There seems to be this mistaken belief out there that all parents with young children are up and about at the crack of dawn. This wouldn't bother me at all except for the fact that some people with this assumption feel perfectly fine about dropping in unannounced before 9am, or even 8am! I have even had phone calls before 7am because they figured I'd be up and about "with all those children".
Sleep is a contentious issue for most families with young children and I have met no two families with the same approach. Sleep patterns are adjusted around work, social events, parenting style, teething, illness, bad dreams and personality. In our family the standard is kids in bed by 8pm and we USUALLY don't hear from them again until 7:30-8am. They know they are allowed to play (preferably quietly!) in their room in the morning but they must not leave their room until they are told they are allowed to unless it is for the toilet or to knock on our bedroom door and speak to us. The fact that none of us are morning people means that if we have been out late the night before and have no pressing need to get up, we have been known to sleep in until 9am or even later! Especially if we have had a restless night for some reason.

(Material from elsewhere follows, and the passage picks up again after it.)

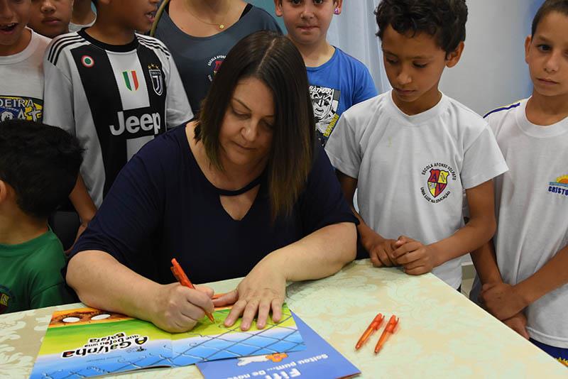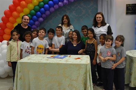 Alegria que pode ser vista no rosto de cada um dos estudantes. Enquanto contava suas histórias, Simone Pedersen arrancou sorrisos dos pequenos leitores. Autora de 43 livros entre romance, contos, crônicas, poemas e literatura infantil e juvenil, Simone acredita que a literatura é capaz de transformar um ser humano. Na opinião de escritora, por meio da literatura, as pessoas têm condições de viver experiências que jamais teriam. “Todos esses movimentos são muito importantes para a formação do ser humano, mais ainda para uma criança. Você promove uma reflexão, promove um diálogo com o mundo. Acho que a pessoa que eu sou hoje é resultado de tudo que eu vivi, mas também de tudo que outras pessoas viveram e que eu tomei conhecimento por amizade pessoal ou por leitura. Leitura é essa ponte, ela lhe traz experiências de pessoas do mundo inteiro. É fantástico”, ressaltou.

Even if we are bang on routine, and I have "risen while it is still dark" like the proverbs 31 woman, there are some mornings I simply don't make it out of my PJ's until after 10am. When I was in the habit of getting up between 5 and 6am, I often put off getting dressed immediately so I could slip back into bed and give Beloved a cuddle with his morning coffee. If I have had a crisis like urgent nappy leakage to deal with first up, getting dressed slips down on the list of priorities. Now I am rarely dressed up to the nines, but I do not consider my night attire appropriate for receiving visitors! Of course I am not going to turn anyone away because I am not dressed appropriately, but I would prefer non-urgent visits were put off until a decent hour! I had a neighbour who had a habit of sending her young teenage sons around with messages or questions before 9am (sometimes even before 8am) which was EXTREMELY embarrassing for the poor lads and myself. I would have preferred she pop over herself or call, but never got up the guts to mention it to her. The thing is a part of me feels I SHOULD be up and dressed and have the housework done by 4am, however irrational that is.
Even families who DO get up and going early are often very busy during the fringe hours of morning and evening, preparing for the transition between day and night. If you do not know a family's routine, in my opinion, the polite thing to do is leave phone calls until after 8am and unannounced visits until after 9am (10am if you are visiting me!). Be sensitive to the fact that mornings are a very busy time in most households. I often have a phone tucked under my ear while I do morning chores and chat to my Mum or a friend but not everyone is as adaptable.
The conclusion is all families are different! I am not going to tar and feather anyone who breaks the 'rules' however, like most others, I appreciate people being sensitive to my family's needs.
Don't assume you know, be open to learn what is.